Ahead of the release of the Building Bridges Initiative BBI report, the Mount Kenya region has emerged as a free-for-all theatre of a new scramble and at the same time holding the risk of marginalization by rival power elites. Yet still, the region has not generated a clear exit strategy to enable it define its own future, harness its political competitiveness, unity and resilience.

Kenya awaits with bated breath the unveiling of the Building Bridges Initiative (BBI) Report, expected to redefine the future of power. Divisions over the Report are likely to turn an already divided Mount Kenya Region into a perfect storm, the proverbial Tower of Babel. But the power elite of the country’s most populous region are dithering as Rome burns. Without an agreed-upon exit strategy ahead of the 2022 political transition, the region finds itself in a profound political quagmire.

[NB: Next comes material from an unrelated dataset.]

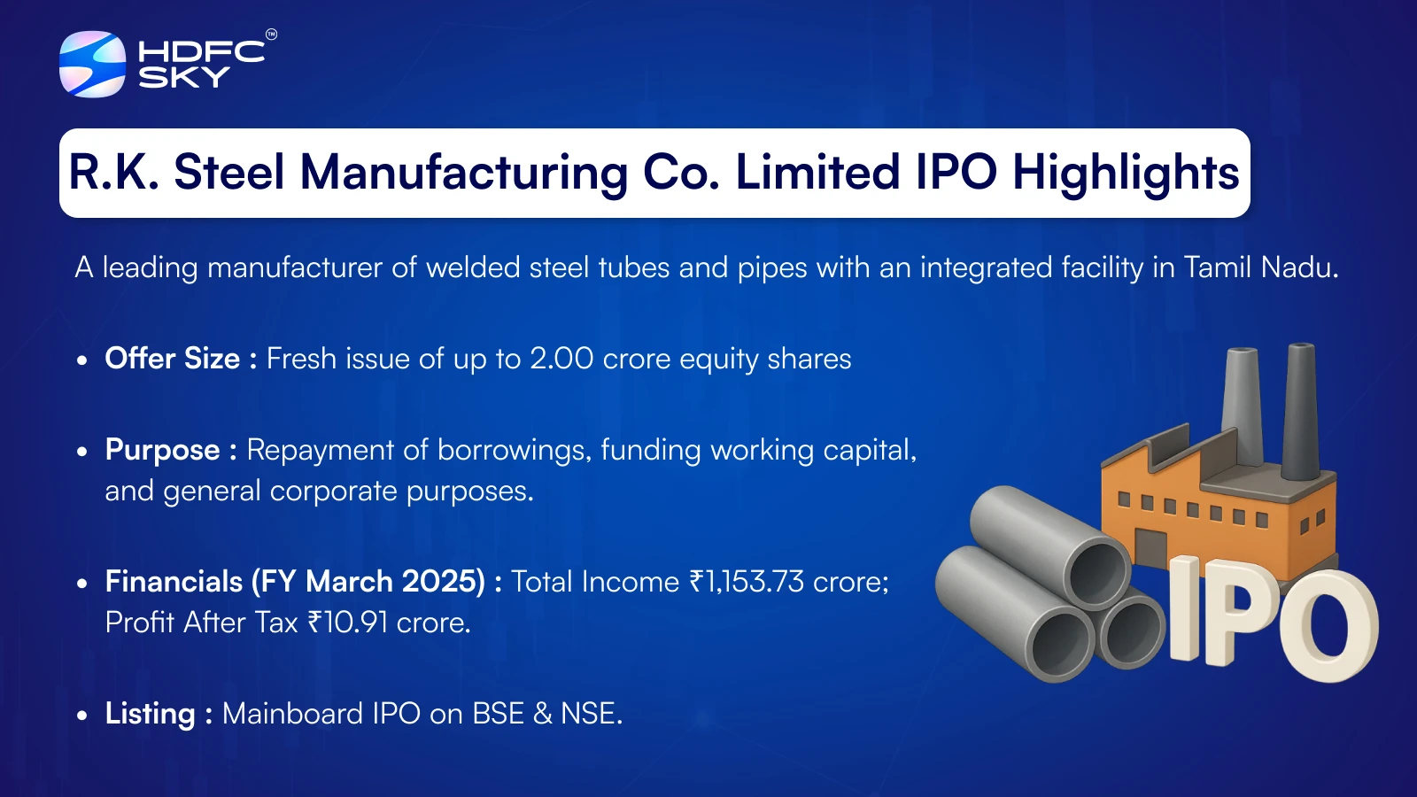 Incorporated in 2006, R.K. Steel Manufacturing Co. Limited is a prominent manufacturer of welded structural steel tubes and pipes. The company boasts a diverse product portfolio, including Pre-Galvanised Pipes (GP), Hot Dip Galvanised Pipes (GI), Hot Rolled Pipes (HR), and Cold Rolled Pipes (CR), alongside value-added products like GP Coils and CRFH Coils. Its products cater to a wide array of industries such as construction, automotive, solar power, and engineering. Operating from a strategically located, integrated 18.49-acre facility in Perundurai, Tamil Nadu, the company is equipped with advanced machinery, including nine tube mills and a tandem cold rolling mill, serving a loyal base of over 470 customers.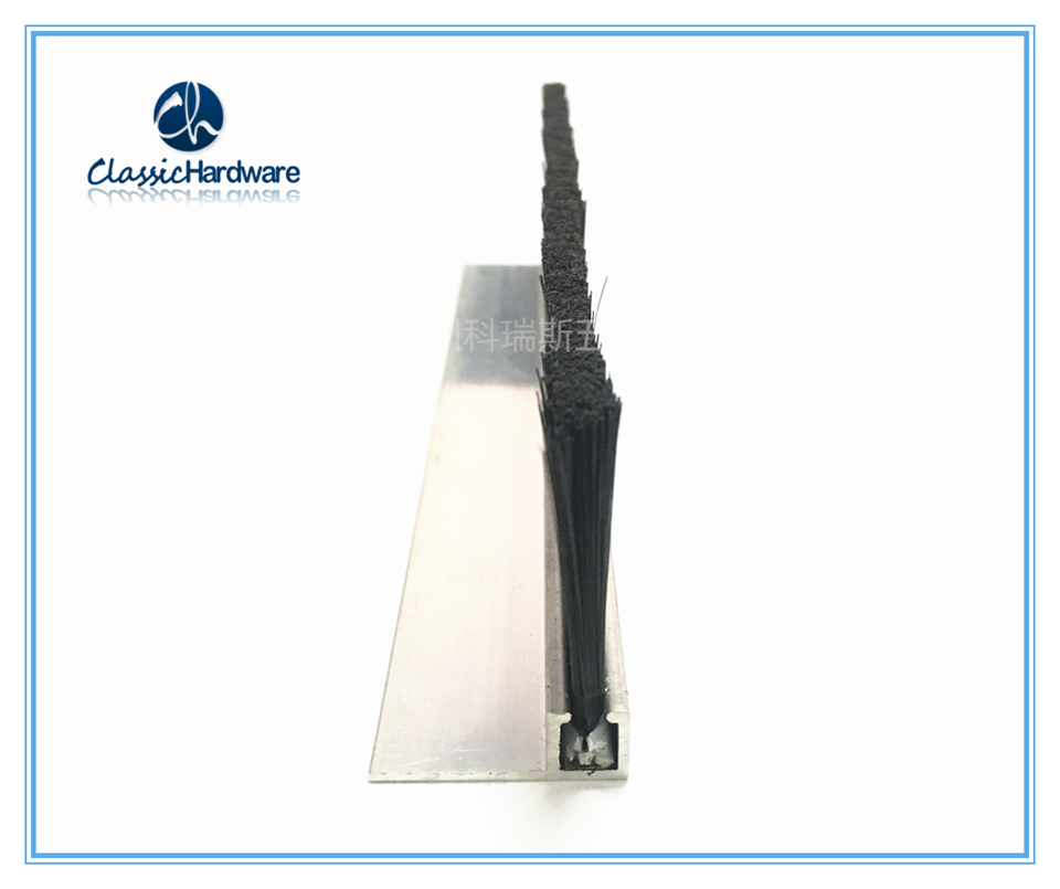 旋轉(zhuǎn)門(mén)一般使用T型(90°)鋁條,配羊毛或者馬毛毛刷,毛刷總高常規(guī)有25,35,45,55,還需要配90°拐角毛刷。

To be sure, a candidate from the region can vie for the throne of power in 2022. But chances are extremely high that the region, for the first time since 2002, is destined to exit the helm of state power, and to choose between presidential candidates who are not its own scions. Inescapably, exiting power carries the risk of marginalization by rival power elites. Yet, the region has not generated a clear exit strategy to enable it define its own future, avoid marginalization and irrelevance and harness its political competitiveness, unity and resilience either as a prime mover in the coming government or as an alternative government at the helm of a refurbished opposition.